No dia 12 de outubro de 1977, os presidentes da Câmara, do Senado e do Supremo receberam um telefonema do Palácio do Planalto. Os três – deputado Marco Maciel, senador Petrônio Portella e o ministro Thompson Flores – foram chamados pela manhã pelo presidente da República, Ernesto Geisel, a se dirigirem imediatamente ao Palácio.
Chegando lá, o primeiro impacto. Onde hoje estão os espelhos d’água que protegem a frente do Palácio, havia dois tanques. Ao adentrarem o prédio, mais sinais da crise instalada entre a Presidência da República e o Comando do Exército: vários soldados armados com metralhadoras.
Os presidentes da Câmara, Senado e Supremo sobem ao gabinete de Golbery do Couto e Silva, chefe do gabinete civil. Ali são avisados de que o presidente os aguardava. Os três foram levados para um dos salões do Palácio do Planalto. Por volta de 9h, a razão da reunião dos presidentes dos poderes chega: o general Sylvio Frota é chamado por Geisel e, na frente de todos, é demitido.
Frota e Geisel divergiam sobre os rumos da ditadura militar. Enquanto o primeiro era um representante da “linha dura”, o presidente da República trabalhava pela abertura política “lenta e gradual”. Frota mobilizou aliados no Congresso para fazer frente aos planos do governo. E por isso foi demitido por Geisel. Com testemunhas.
À tarde, os três são chamados novamente ao Palácio para a posse do substituto de Frota, o general Fernando Belfort Bethlem. Em cerimônia breve, o presidente fez um discurso de poucas linhas: “Desejo nessa oportunidade transmitir os meus votos de felicidade pessoal e o desejo de que cumpra sua missão, mantendo a união do Exército para o bem dessa importante instituição do País que, junto com a Aeronáutica e a Marinha, têm o pesado encargo de assegurar a nossa sobrevivência como nação no âmbito internacional e assegurar a ordem e a estabilidade dentro do País”.

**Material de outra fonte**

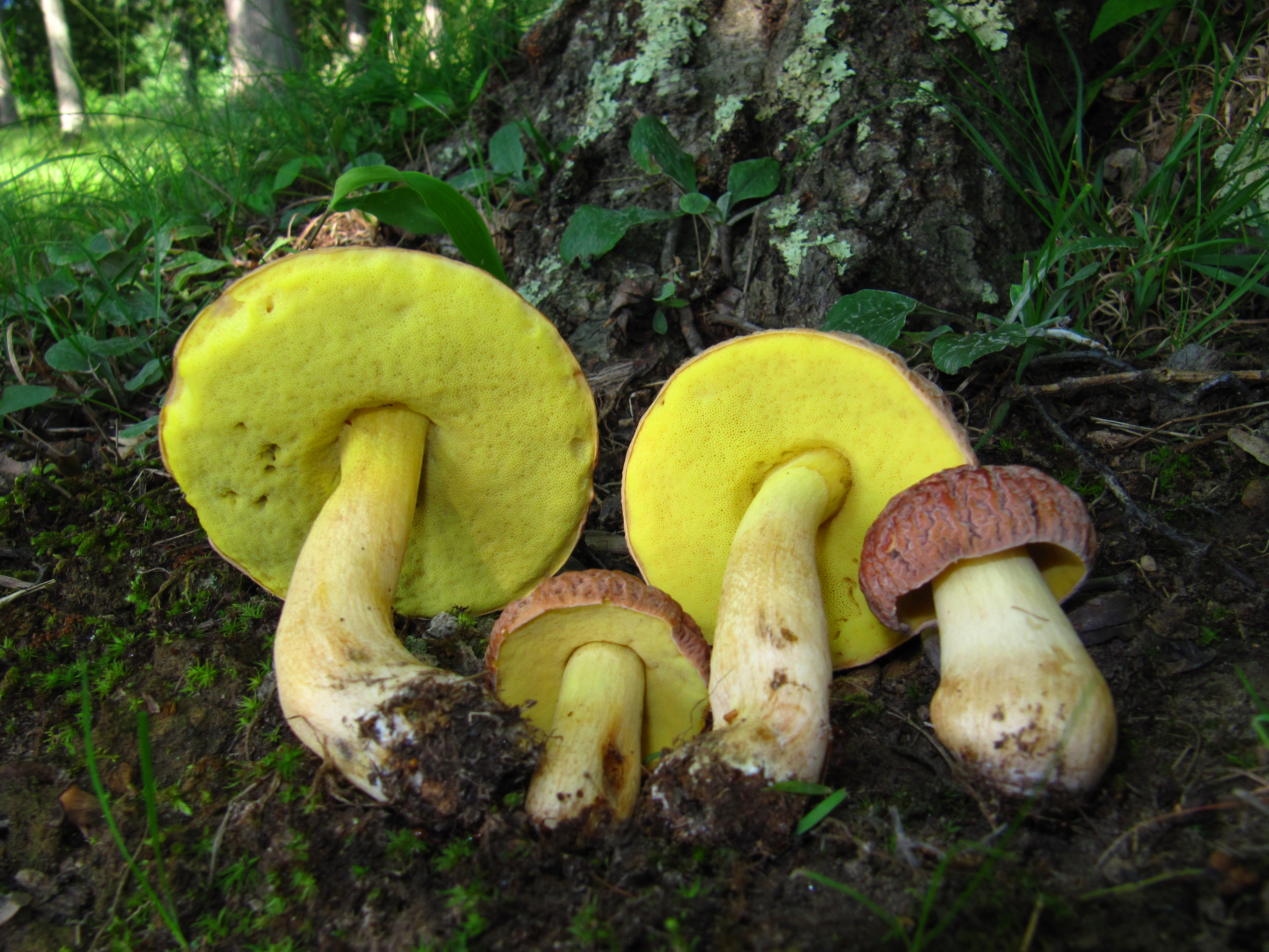 Boletus hortonii A.H. Sm. & Thiers Location: Rest Area, north bound, State Highway 33, between Pomeroy and Athens, Ohio, USA For more information about this, see the observation page at Mushroom Observer.

Bethlem agradeceu o convite em também curto discurso. E recebeu as primeiras ordens de Geisel, conforme relatos pessoais que estão guardados na memória de quem viveu aquele momento. O presidente alinhara ao seu lado direito os presidentes do Senado, da Câmara e do Supremo. Encerrados os discursos protocolares, determinou que Bethlem jurasse cumprir a Constituição e que batesse continência aos presidentes dos demais poderes. Numa clara demonstração de apreço do presidente da República pelos presidentes e instituições de Estado.
Dias depois de sua posse, o general Bethlem faz uma visita de cortesia ao presidente do STF. E logo no mês seguinte, em gesto inédito, Geisel foi ao tribunal para assistir à sessão solene em comemoração dos 150 anos do STF, acompanhado de todo o seu ministério.

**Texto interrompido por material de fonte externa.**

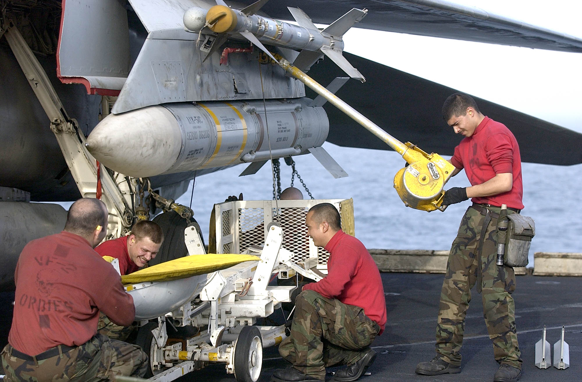 U.S. Navy Aviation Ordnanceman install an AIM-54C Phoenix long-range air-to-air missile under the wing of a F-14D Tomcat assigned to the “Bounty Hunters” of Fighter Squadron 2 (VF-2) onboard the aircraft carrier USS Constellation (CV-64) in the Arabian Sea. VF-2 was assigned to Carrier Air Wing 2 (CVW-2) aboard the Constellation for a deployment in support of Operation Iraqi Freedom from 2 November 2002 to 2 June 2003.
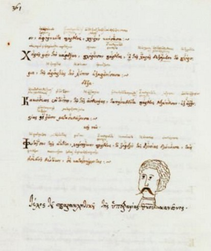 Manuscript of Ioannis Emmanouil partener and bear Witness Riga Velestinli

Voltando ao presente. Nos próximos dias, o novo ministro da Defesa, general Braga Netto, deve visitar alguns dos ministros do Supremo com a intenção de comunicar os fundamentos que movem as Forças Armadas e de reafirmar o cumprimento do papel constitucional. Alguns dos ministros não estarão em Brasília. Na semana passada, as primeiras explicações para a troca de todo o comando militar foram prestadas pelo demissionário Fernando Azevedo. Os presidentes da Câmara e do Senado, ao contrário, foram avisados das mudanças com antecedência. Bolsonaro só fez contato com o tribunal depois do fato consumado e das dúvidas pairarem no ar.

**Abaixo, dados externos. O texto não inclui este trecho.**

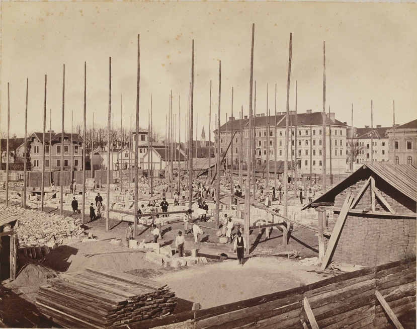 Building of Narodni muzej in Ljubljana in 1883.
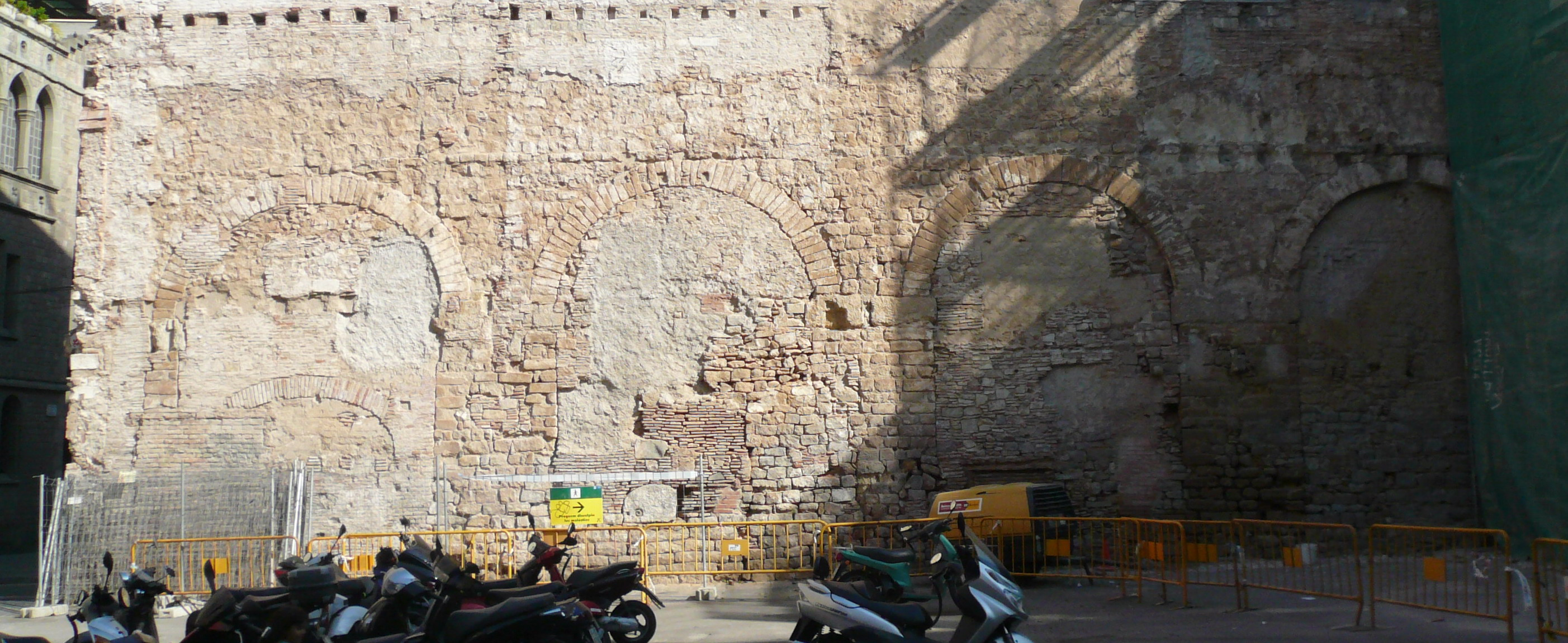 Arcs of roman aqueducts in Barcelona, Catalonia

*A coluna ExCelso é um espaço para lembrarmos e discutirmos a história do Supremo Tribunal Federal por meio de imagens, documentos, entrevistas, livros. A coluna é publicada semanalmente e traz em seu nome uma referência ao ex-ministro Celso de Mello, que atuou como a memória do tribunal durante seus anos como decano. Quem assistia às sessões se acostumou às suas referências que, não raro, iam até o Império e às Ordenações Filipinas, do século XVI.